**Brief**
Only the lines from the one containing "We’ll name our" to the end of the data should be copied, exactly and without pictures.

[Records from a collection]
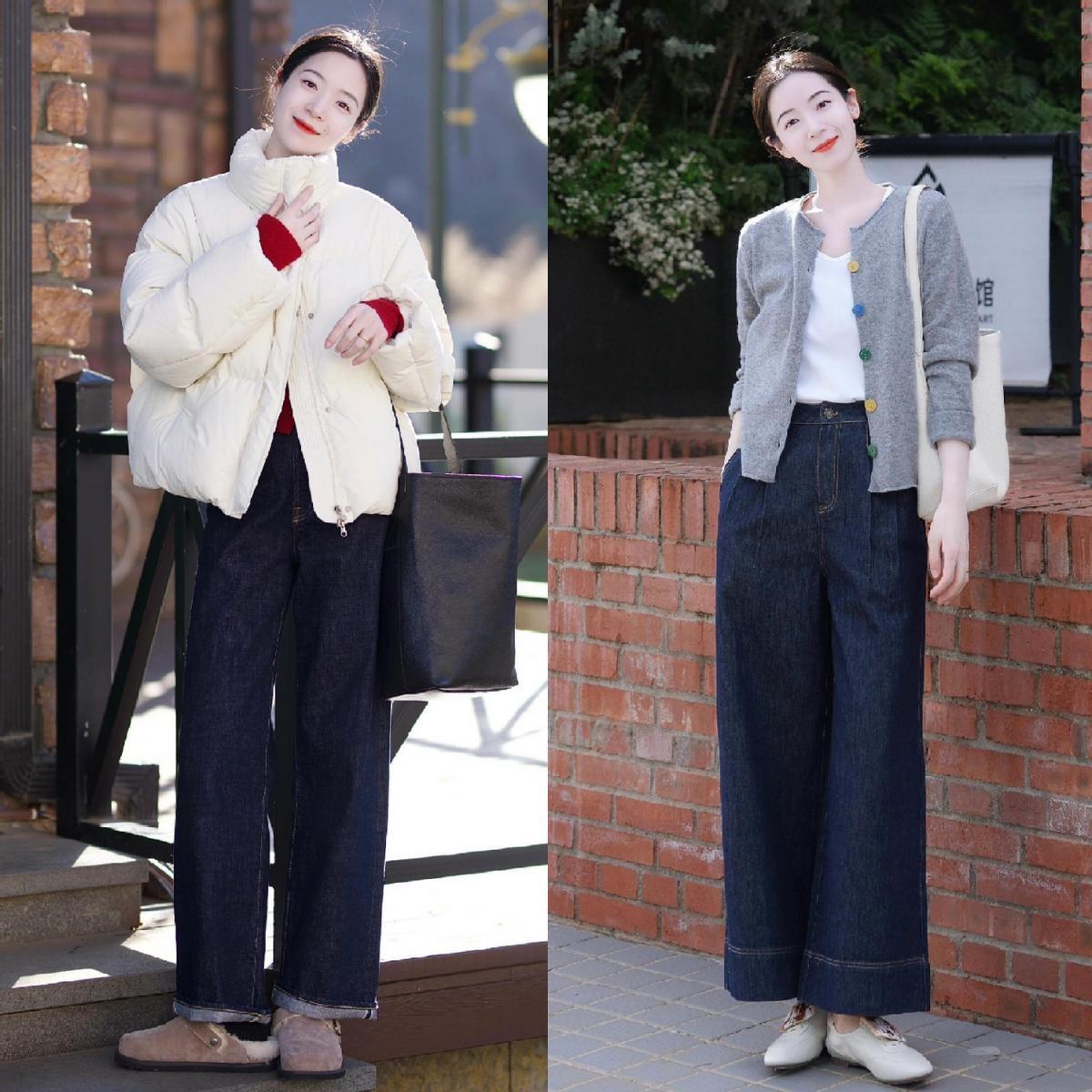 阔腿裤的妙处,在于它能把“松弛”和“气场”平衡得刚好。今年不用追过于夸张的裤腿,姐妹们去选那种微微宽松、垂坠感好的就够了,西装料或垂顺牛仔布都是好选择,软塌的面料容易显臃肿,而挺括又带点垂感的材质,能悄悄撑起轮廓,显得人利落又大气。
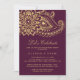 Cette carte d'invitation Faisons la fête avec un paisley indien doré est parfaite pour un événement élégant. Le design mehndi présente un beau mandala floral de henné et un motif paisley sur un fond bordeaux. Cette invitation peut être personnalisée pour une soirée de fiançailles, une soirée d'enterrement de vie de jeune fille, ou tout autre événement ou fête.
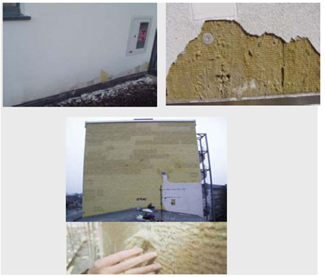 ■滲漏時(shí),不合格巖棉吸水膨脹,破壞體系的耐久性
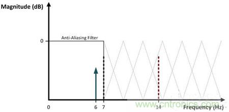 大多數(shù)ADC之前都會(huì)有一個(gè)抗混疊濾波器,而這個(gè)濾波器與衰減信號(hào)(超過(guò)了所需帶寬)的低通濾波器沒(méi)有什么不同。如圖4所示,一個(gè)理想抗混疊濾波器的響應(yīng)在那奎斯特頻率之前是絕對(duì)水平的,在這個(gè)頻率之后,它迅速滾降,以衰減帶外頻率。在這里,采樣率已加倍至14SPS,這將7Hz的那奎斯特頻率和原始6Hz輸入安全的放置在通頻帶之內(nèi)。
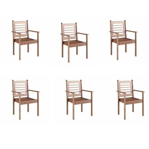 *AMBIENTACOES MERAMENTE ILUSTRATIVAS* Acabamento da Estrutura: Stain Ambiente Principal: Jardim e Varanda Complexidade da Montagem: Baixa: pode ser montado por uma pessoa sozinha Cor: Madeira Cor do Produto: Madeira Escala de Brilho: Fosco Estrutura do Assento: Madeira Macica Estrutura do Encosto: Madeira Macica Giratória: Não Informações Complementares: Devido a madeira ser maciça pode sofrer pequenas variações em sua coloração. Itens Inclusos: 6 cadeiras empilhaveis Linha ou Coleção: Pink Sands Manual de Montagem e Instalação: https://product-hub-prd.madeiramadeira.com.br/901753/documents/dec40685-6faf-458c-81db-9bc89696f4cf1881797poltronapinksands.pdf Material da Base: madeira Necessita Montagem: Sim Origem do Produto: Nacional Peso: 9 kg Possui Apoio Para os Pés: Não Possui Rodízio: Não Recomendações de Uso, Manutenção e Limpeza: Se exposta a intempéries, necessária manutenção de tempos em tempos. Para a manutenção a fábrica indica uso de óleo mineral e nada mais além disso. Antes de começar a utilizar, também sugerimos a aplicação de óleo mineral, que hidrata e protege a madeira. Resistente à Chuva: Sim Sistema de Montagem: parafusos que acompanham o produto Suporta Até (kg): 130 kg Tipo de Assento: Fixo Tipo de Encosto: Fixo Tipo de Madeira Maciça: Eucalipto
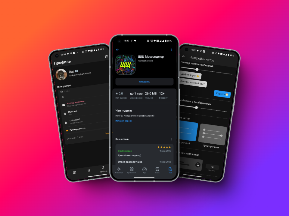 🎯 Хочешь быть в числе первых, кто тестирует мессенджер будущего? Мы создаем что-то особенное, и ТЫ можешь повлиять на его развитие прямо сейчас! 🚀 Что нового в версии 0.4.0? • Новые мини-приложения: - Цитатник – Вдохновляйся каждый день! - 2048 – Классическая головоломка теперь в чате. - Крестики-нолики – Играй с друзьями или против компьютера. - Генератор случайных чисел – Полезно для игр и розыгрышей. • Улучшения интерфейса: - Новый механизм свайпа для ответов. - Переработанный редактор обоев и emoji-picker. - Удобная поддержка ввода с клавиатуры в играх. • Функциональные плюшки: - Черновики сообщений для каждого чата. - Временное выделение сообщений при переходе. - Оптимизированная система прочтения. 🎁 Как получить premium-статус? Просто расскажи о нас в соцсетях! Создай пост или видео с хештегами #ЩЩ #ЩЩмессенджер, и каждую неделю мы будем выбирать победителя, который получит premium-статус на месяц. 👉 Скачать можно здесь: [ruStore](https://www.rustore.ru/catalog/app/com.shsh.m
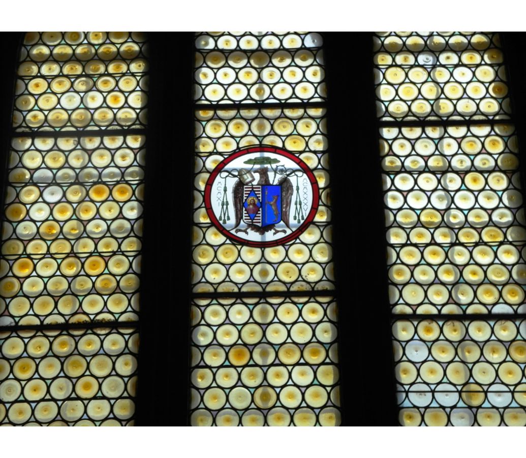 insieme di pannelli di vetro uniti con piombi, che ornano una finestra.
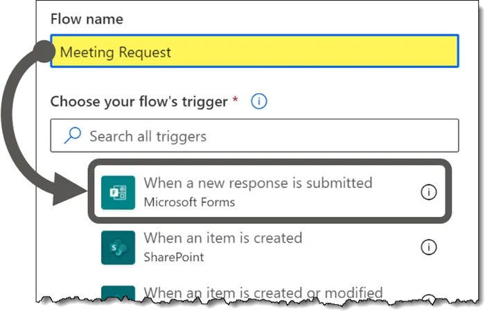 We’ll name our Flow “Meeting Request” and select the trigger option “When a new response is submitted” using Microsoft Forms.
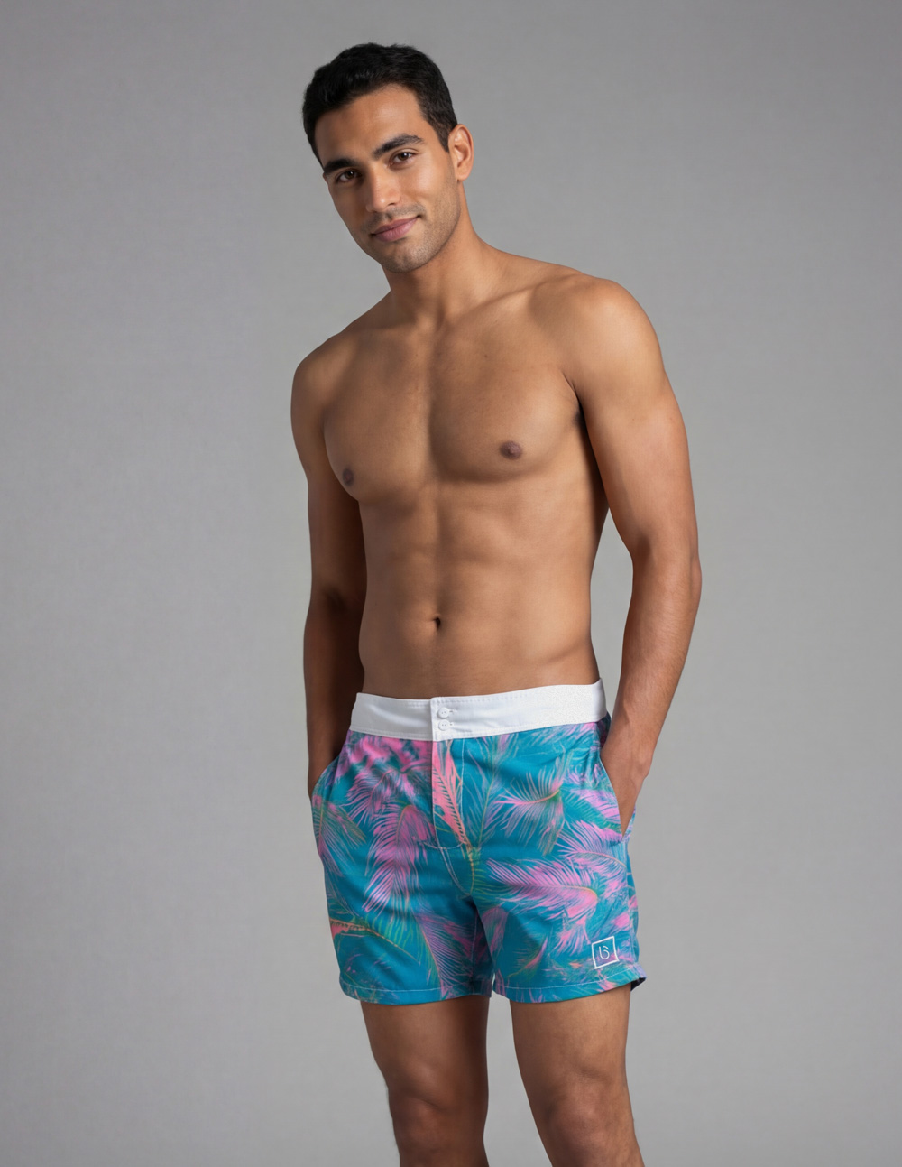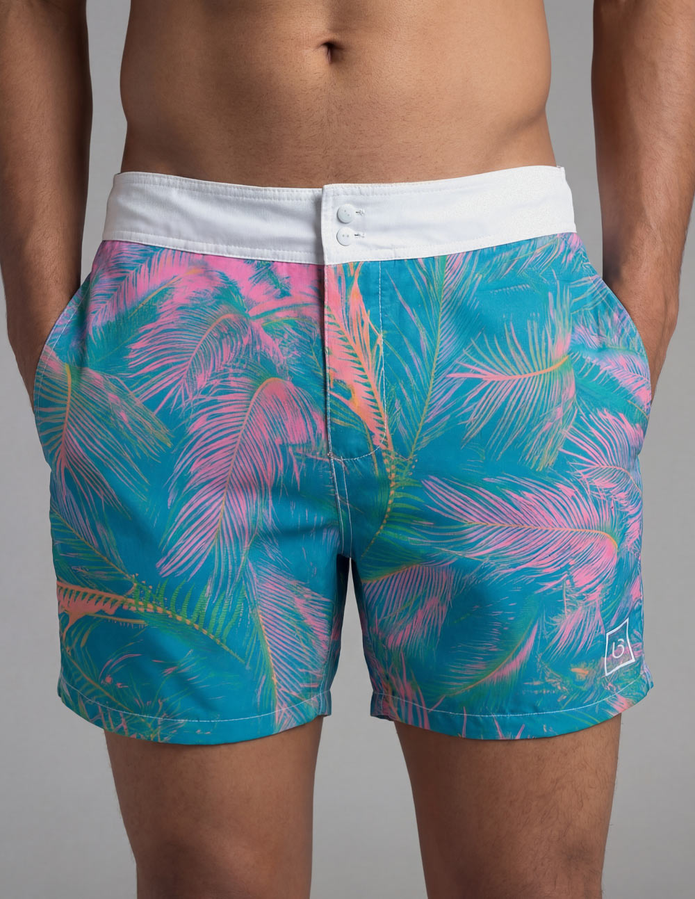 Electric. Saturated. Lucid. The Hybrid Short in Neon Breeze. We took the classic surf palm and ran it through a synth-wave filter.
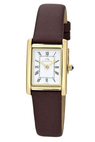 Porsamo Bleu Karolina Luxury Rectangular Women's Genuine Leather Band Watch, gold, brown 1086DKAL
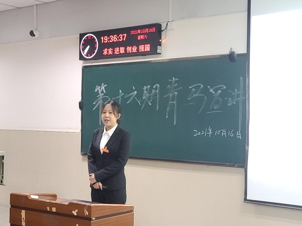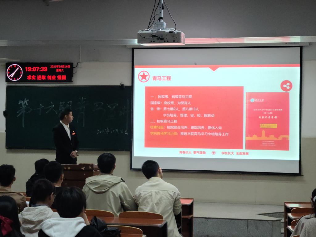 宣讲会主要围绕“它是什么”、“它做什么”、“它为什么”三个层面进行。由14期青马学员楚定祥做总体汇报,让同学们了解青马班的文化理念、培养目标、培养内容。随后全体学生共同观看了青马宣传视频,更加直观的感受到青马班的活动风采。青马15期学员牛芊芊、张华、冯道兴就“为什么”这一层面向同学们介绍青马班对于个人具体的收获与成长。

**Output below**
 We’ll name our Flow “Meeting Request” and select the trigger option “When a new response is submitted” using Microsoft Forms.
 Electric. Saturated. Lucid. The Hybrid Short in Neon Breeze. We took the classic surf palm and ran it through a synth-wave filter.
 Porsamo Bleu Karolina Luxury Rectangular Women's Genuine Leather Band Watch, gold, brown 1086DKAL
 宣讲会主要围绕“它是什么”、“它做什么”、“它为什么”三个层面进行。由14期青马学员楚定祥做总体汇报,让同学们了解青马班的文化理念、培养目标、培养内容。随后全体学生共同观看了青马宣传视频,更加直观的感受到青马班的活动风采。青马15期学员牛芊芊、张华、冯道兴就“为什么”这一层面向同学们介绍青马班对于个人具体的收获与成长。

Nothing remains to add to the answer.